Riddle Me This

  • Thread starter Thread starter pbd22
  • Start date Start date
What really stumps me is that (remember) this melting
pot of varying technologies in my window service """"works""""
in Debug mode from the IDE. I compile, it runs - external
exe and all. But, when I use installutil and make it an proper
windows service, the external exe breaks. This feels like a
security problem but that is just a gut hunch.

Thanks again.
 
pbd22 said:
Willy,

I sent you relevant code to your email over the weekend.
Please tell me what I have to do to "get it right". This
has been a royal headache and I am really stumped.

Peter



Never got this email.

Anyway, what you should do is, ask yourself whether this must be driven by
a service, if the answer is YES then you should get rid of all
features/technologies that really aren't designed to be used from a service.
Basically you have three possible options, but be warned, none of them are
trivial.
1)
The most important thing is, that you should get rid of the VB exe, it
doesn't solve anything, if you can successfully access the COM interfaces
(implemented in the C/C++ DLL's) from VB6, then they should be directly
accessible from a WS as well.
Keep in mind, that the COM components (the DLL's that call into DirectShow)
must be accessed from an STA thread, and that STA threads *must* pump a
message queue, that is, they should not block. This is especially true
running managed code, blocking STA's may block the finalizer thread, and
this is a big NO NO in managed code.
So, your service thread you should fire off a thread that gets initialized
to enter a STA, this thread should run a message queue, that is, you should
create an empty form, create an instance of the COM object(s) and call
Application.Run().
The service thread could (should) use Windows messages to pass command to
the STA/pumping thread. That means that you must define and register private
Windows message ID's for each command that corresponds to a COM method call
(you could also define one single message and pass the command as message
parameter), you must handle these messages in your WndProc override.
To communicate back with the service thread, you can use a
SynchronizationContext, the service thread must register a delegate to get
called when an event is fired by the pumping STA thread.
The STA pumping thread must implement the callbacks required by the COM
object(s).

2) Get rid of the VB6 exe and of the C/C++ DLL's. This requires a rewrite of
the code in the C dll's in C#. The CS code must declare/implement the COM
interfaces and call into DirectShow just like was done in the C/C++ code.
Note that you can also call into the Media Format API's, but it everything
depends on what exactly you are doing in the C/C++ COM dll's.

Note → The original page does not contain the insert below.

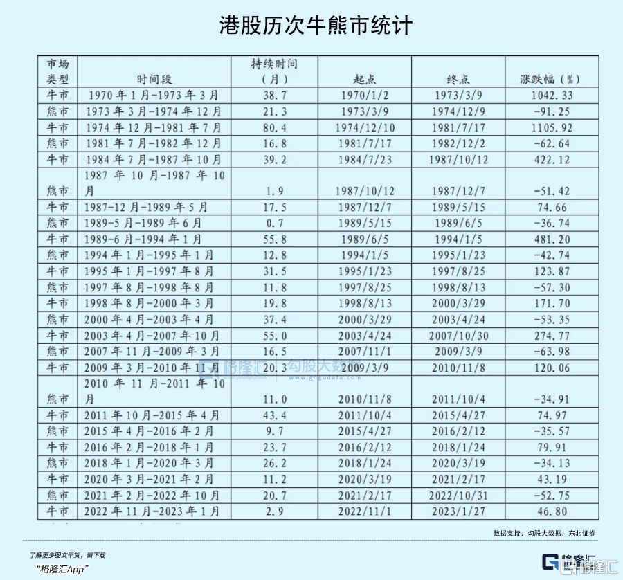1970年代以来,港股呈现明显的牛熊交替周期走势,一共经历了13次牛市,平均涨幅为174%。熊市则经历了12次,平均跌幅超过50%。

3) Write a C++/CLI wrapper that wraps the existing COM dll's, note that this
wrapper must run his own message queue exactly like explained in 1).

Willy.
 
Thanks Willy.

"not trivial" indeed. Non-the-less, I am all for a new learning
experience.
I am going to try to open door number 1 and see where that gets me.
In preparation, do you know of any good and related online examples
that
can give me a sense of things? If not, no worries. I am "googling".

Thanks again,
Peter
 
pbd22 said:
Thanks again Willy.

I sent you the windows service code to your private email address.
You will see the calling method there (I sent a description in my
email).

Feel free to continue the thread by responding here.

THanks again for all your help!
Peter



Ok, I noticed in another reply that the only thing that gets done by the COM
components, is retrieving the metadata from Windows media files (video) and
dumping this data to a text file. If this is what you are doing, then there
is no reason to use VB6 and COM stuff any longer.
All you should do is declare the IWMHeaderInfo3 and the IWMMetadataEditor
COM interfaces (search wmsdkidl.idl in the platform sdk headers) and declare
the WMCreateEditor function exported by the WMVCore.dll.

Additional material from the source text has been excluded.